Hi , I have not used that transfer paper and I do not know what you have your heat press set to Farenheit or Celcius but are you pressing at 200 degrees Celsius ?, that equals approx 390 Degrees Farenheit . When I did a search for that paper on the web , the first page that I found warns that the video shown using this paper has the heat press set to 200 Degrees Celsius . 

Hope you get it sorted


----------



## Conde_David (May 29, 2008)

I use the Forever Classic Universal often. It presses like most transfer papers.
Face down, heavy pressure, 20 seconds, 200 degrees C (400 degress F)

When you peel, what do you see?
My best guess would be lack of pressure. Need heavy pressure!


----------



## Mflash (Mar 9, 2009)

Conde_David said:


> I use the Forever Classic Universal often. It presses like most transfer papers.
> Face down, heavy pressure, 20 seconds, 200 degrees C (400 degress F)
> 
> When you peel, what do you see?
> My best guess would be lack of pressure. Need heavy pressure!

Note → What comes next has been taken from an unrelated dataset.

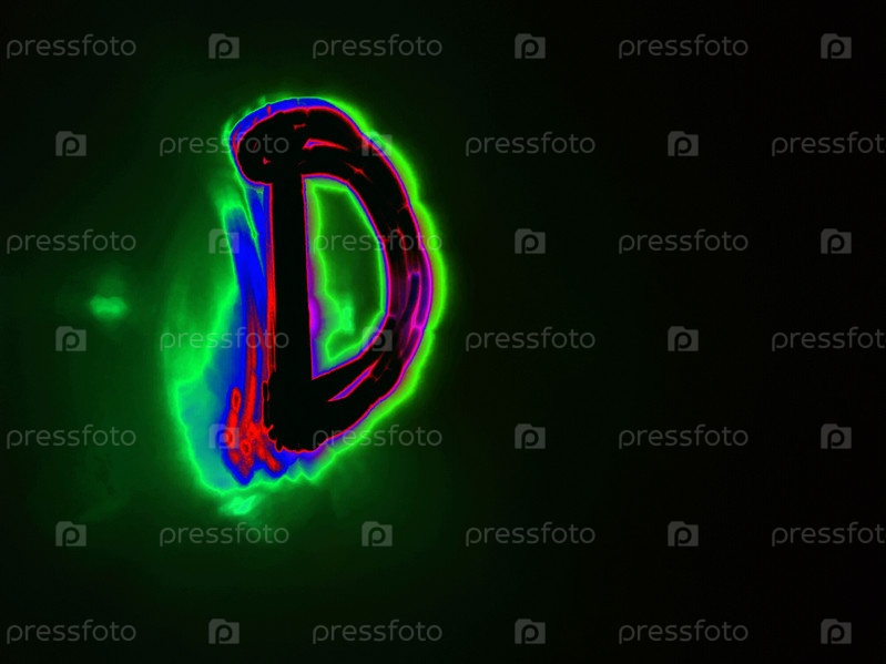 Светящаяся английская буква D. На черном фоне с цветными неоновыми линиями от руки написана буква английского алфавита. Буква светится розово-красным светом, создавая вокруг себя зелено-синий ореол
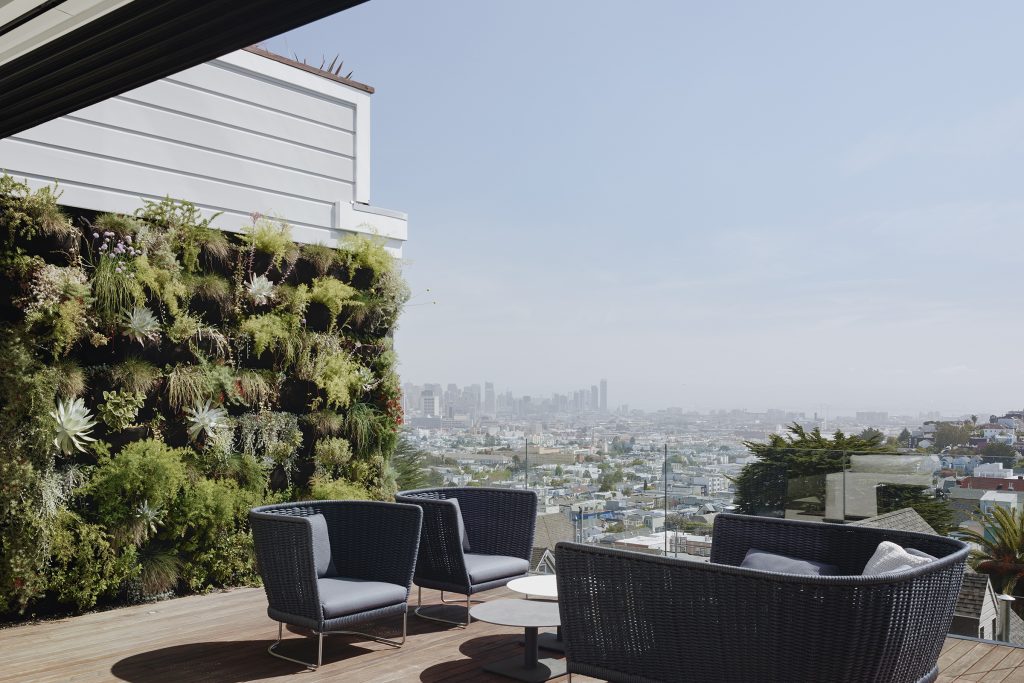 For this four-story family residence, the architects experimented with vertical circulation and crisp white materiality to create a spacious, vibrant, and geometrically engaging house. Organized around a singular central spine, the project is an exploration of fluid continuity and volumetric adventure. On a down-sloping hillside parcel of land in San Francisco’s Noe Valley sits this four-story project that embraces vertical stacking and crisp materiality for a tightly-knit family unit of three.

Hi, I see you have used this paper quite a lot. We are thinking of buying some. Have you had any problems with this paper? Is it soft and does it wash well? Also very importantly is it light or heavy on the t-shirt once pressed? thanks! Mark


----------



## Conde_David (May 29, 2008)

For color laser printers, I use both Forever classic universal and TechniPrint. Techniprint is made
in the USA with Forever from Germany. With the US Dollar being weak, I think the Techniprint is a better value. Happy to provide samples of each.

What printer?


----------



## Mflash (Mar 9, 2009)

Conde_David said:


> For color laser printers, I use both Forever classic universal and TechniPrint. Techniprint is made
> in the USA with Forever from Germany. With the US Dollar being weak, I think the Techniprint is a better value. Happy to provide samples of each.
> 
> What printer?


Hi David, Thanks for your quick reply. I have a hp inkjet printer. I think we usually get techniprint. we have had a supplier for ages, but they just got in a new batch, but it's come in totally different. Much thinner, the film when peeled crumples and sticks to itself!! A nightmare. That's why I'm looking for alternatives. a Sample would be great, but time is of the essence. I have a deadline.

Also have you tried the Inkjet Forever Classic? 

Cheers,

Mark


----------



## vctradingcubao (Nov 15, 2006)

Forever Universal (oil or non-oil compatible) is quite thicker when compared to Forever Classic (for oil based laser printers only), but most non-oil compatible papers are anyway. (Techniprint should be more thicker compared to Neenah's Phototrans Plus. As for the original poster, light transfers should be "peeled hot".


----------



## sraufstok (Oct 24, 2015)

Hi, you have to take the paper after 5-10sec. It shoul be hot otherwise it will stick on the t-shirt.


----------